Спустя несколько лет, в 1980 году, в другом интервью тому же Карлу Аймермахеру Вадим Сидур говорит:

«Сотни, тысячи, миллионы людей погибли от насилия, проявленного по отношению к ним другими людьми в самых чудовищных и даже фантастических формах. Пули, виселицы, бомбы, газовые камеры, концлагеря, пытки, смертная казнь – это перечисление невозможно продолжать, ибо оно бесконечно. Кажется, должно бы это когда-то прекратиться! Но человечество, как бы лишенное разума, ничему не научается. Людская память слишком коротка, слаба и несовершенна.

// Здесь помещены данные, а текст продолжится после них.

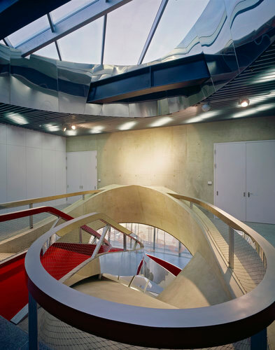 Eine Sinfonie aus Stein, Beton und Edelstahl geleitet den Besucher in den ersten Stock. Sobald man im säulenlosen Pausenraum mit Blick auf Park und Dachlandschaft angekommen ist, erschließt sich einem die Funktion der massiven Betonspirale. Sie ist das statische Rückgrat des Mumuth und trägt ein Drittel des gesamten Hauses. Das konstruktive Konzept - ein Meisterwerk der Ingenieurskunst - stammt vom Londoner Büro Ove Arup & Partners. „Das Ding sieht schlimmer aus als es ist“, sagt Hannes Pfau, Projektleiter bei UN Studio, „statisch betrachtet, ist die Spirale ein simples dreidimensionales Kräftesystem.“
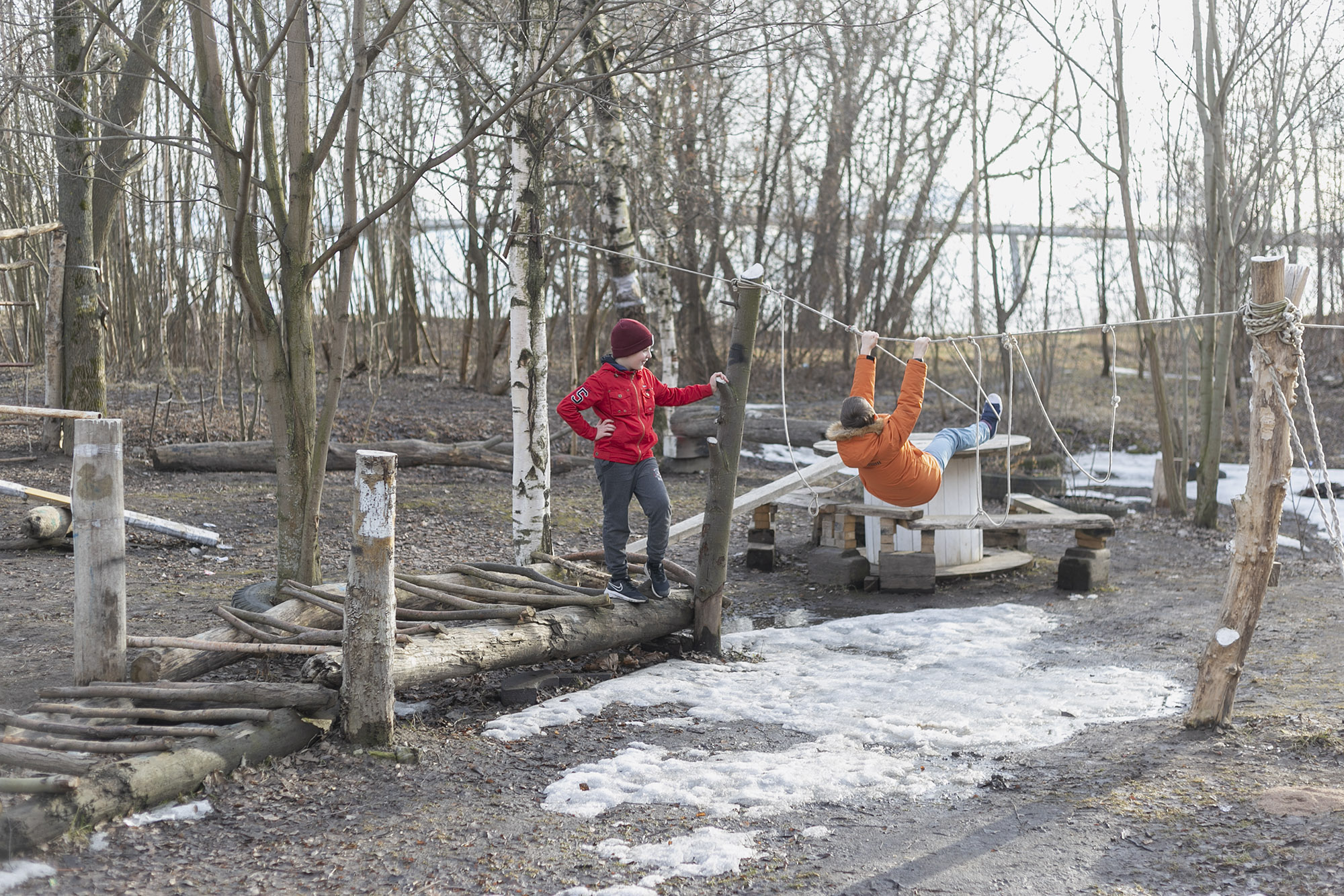 Получилась довольно длинная веревочная трасса. Но 7 января 2021 года кто-то пришел сюда, обрезал веревки на деревьях, облил всё бензином и поджег. Честно говоря, даже не узнавал номер дела в полиции — его завели автоматически, так как это был поджог. Думаю, они всё равно никого не найдут.

Меня постоянно угнетало и угнетает физическое ощущение бремени ответственности перед теми, кто погиб вчера, погибает сегодня и неизбежно погибнет завтра».


И Вадим Сидур создает образы людей, пострадавших от ЗЛА и НАСИЛИЯ, напоминая тем, кому удалось выжить в страшной мясорубке войны, о мучениях тех, кто прошел ее с оружием в руках и за всех нас принял на себя все последствия развязанной бойни. Этот великий скульптор создает обобщенный, метафорический образ пацифизма таким, каким он его понимает.

О своем ранении Вадим Сидур говорит так:

«Потом я был убит на войне. Но произошло чудо воскресения, и я остался жить. (Вопреки его же утверждению, что «не воскреснет никто». – Т.В.) Иногда мне даже кажется, что это было предопределено для того, чтобы я смог в конце концов оставить «Памятник погибшим от насилия», «Треблинку», «Памятник погибшим от бомб»…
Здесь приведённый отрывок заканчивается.